Task to carry out:
The data must be given again exactly as written, with all images omitted.

Data segment:

════════

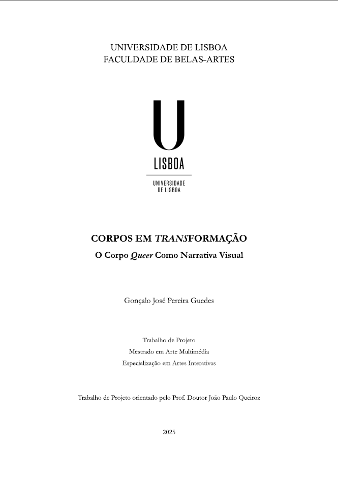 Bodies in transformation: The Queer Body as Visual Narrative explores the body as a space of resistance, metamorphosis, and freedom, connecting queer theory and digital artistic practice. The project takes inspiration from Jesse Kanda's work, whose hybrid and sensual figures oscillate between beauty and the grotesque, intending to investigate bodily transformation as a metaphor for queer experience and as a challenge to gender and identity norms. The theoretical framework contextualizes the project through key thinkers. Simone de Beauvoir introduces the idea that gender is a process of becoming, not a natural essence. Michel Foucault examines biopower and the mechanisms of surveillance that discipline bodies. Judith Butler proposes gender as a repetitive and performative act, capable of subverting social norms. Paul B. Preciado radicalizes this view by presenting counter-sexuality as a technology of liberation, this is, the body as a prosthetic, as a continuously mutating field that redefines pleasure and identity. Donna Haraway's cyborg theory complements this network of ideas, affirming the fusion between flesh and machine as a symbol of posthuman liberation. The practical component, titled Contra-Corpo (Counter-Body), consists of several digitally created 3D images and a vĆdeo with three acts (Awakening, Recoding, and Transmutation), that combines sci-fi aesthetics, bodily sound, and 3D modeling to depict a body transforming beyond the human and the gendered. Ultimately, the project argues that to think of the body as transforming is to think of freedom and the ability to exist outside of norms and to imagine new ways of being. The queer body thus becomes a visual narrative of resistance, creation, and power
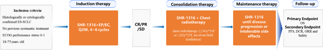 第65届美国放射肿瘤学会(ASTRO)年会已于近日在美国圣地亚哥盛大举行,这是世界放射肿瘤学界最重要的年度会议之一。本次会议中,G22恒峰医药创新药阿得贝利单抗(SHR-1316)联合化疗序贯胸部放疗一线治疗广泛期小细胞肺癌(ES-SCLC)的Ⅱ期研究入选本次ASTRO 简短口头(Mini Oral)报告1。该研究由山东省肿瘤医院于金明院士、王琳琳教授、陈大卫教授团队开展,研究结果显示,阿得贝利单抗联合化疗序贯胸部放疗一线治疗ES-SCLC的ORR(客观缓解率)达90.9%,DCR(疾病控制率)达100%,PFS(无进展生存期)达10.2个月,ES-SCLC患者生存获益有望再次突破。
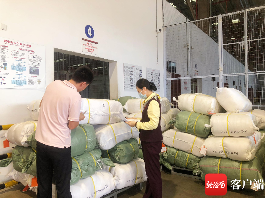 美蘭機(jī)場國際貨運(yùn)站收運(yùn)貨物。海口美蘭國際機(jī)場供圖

════════

Finished task:
 Bodies in transformation: The Queer Body as Visual Narrative explores the body as a space of resistance, metamorphosis, and freedom, connecting queer theory and digital artistic practice. The project takes inspiration from Jesse Kanda's work, whose hybrid and sensual figures oscillate between beauty and the grotesque, intending to investigate bodily transformation as a metaphor for queer experience and as a challenge to gender and identity norms. The theoretical framework contextualizes the project through key thinkers. Simone de Beauvoir introduces the idea that gender is a process of becoming, not a natural essence. Michel Foucault examines biopower and the mechanisms of surveillance that discipline bodies. Judith Butler proposes gender as a repetitive and performative act, capable of subverting social norms. Paul B. Preciado radicalizes this view by presenting counter-sexuality as a technology of liberation, this is, the body as a prosthetic, as a continuously mutating field that redefines pleasure and identity. Donna Haraway's cyborg theory complements this network of ideas, affirming the fusion between flesh and machine as a symbol of posthuman liberation. The practical component, titled Contra-Corpo (Counter-Body), consists of several digitally created 3D images and a vĆdeo with three acts (Awakening, Recoding, and Transmutation), that combines sci-fi aesthetics, bodily sound, and 3D modeling to depict a body transforming beyond the human and the gendered. Ultimately, the project argues that to think of the body as transforming is to think of freedom and the ability to exist outside of norms and to imagine new ways of being. The queer body thus becomes a visual narrative of resistance, creation, and power
 第65届美国放射肿瘤学会(ASTRO)年会已于近日在美国圣地亚哥盛大举行,这是世界放射肿瘤学界最重要的年度会议之一。本次会议中,G22恒峰医药创新药阿得贝利单抗(SHR-1316)联合化疗序贯胸部放疗一线治疗广泛期小细胞肺癌(ES-SCLC)的Ⅱ期研究入选本次ASTRO 简短口头(Mini Oral)报告1。该研究由山东省肿瘤医院于金明院士、王琳琳教授、陈大卫教授团队开展,研究结果显示,阿得贝利单抗联合化疗序贯胸部放疗一线治疗ES-SCLC的ORR(客观缓解率)达90.9%,DCR(疾病控制率)达100%,PFS(无进展生存期)达10.2个月,ES-SCLC患者生存获益有望再次突破。
 美蘭機(jī)場國際貨運(yùn)站收運(yùn)貨物。海口美蘭國際機(jī)場供圖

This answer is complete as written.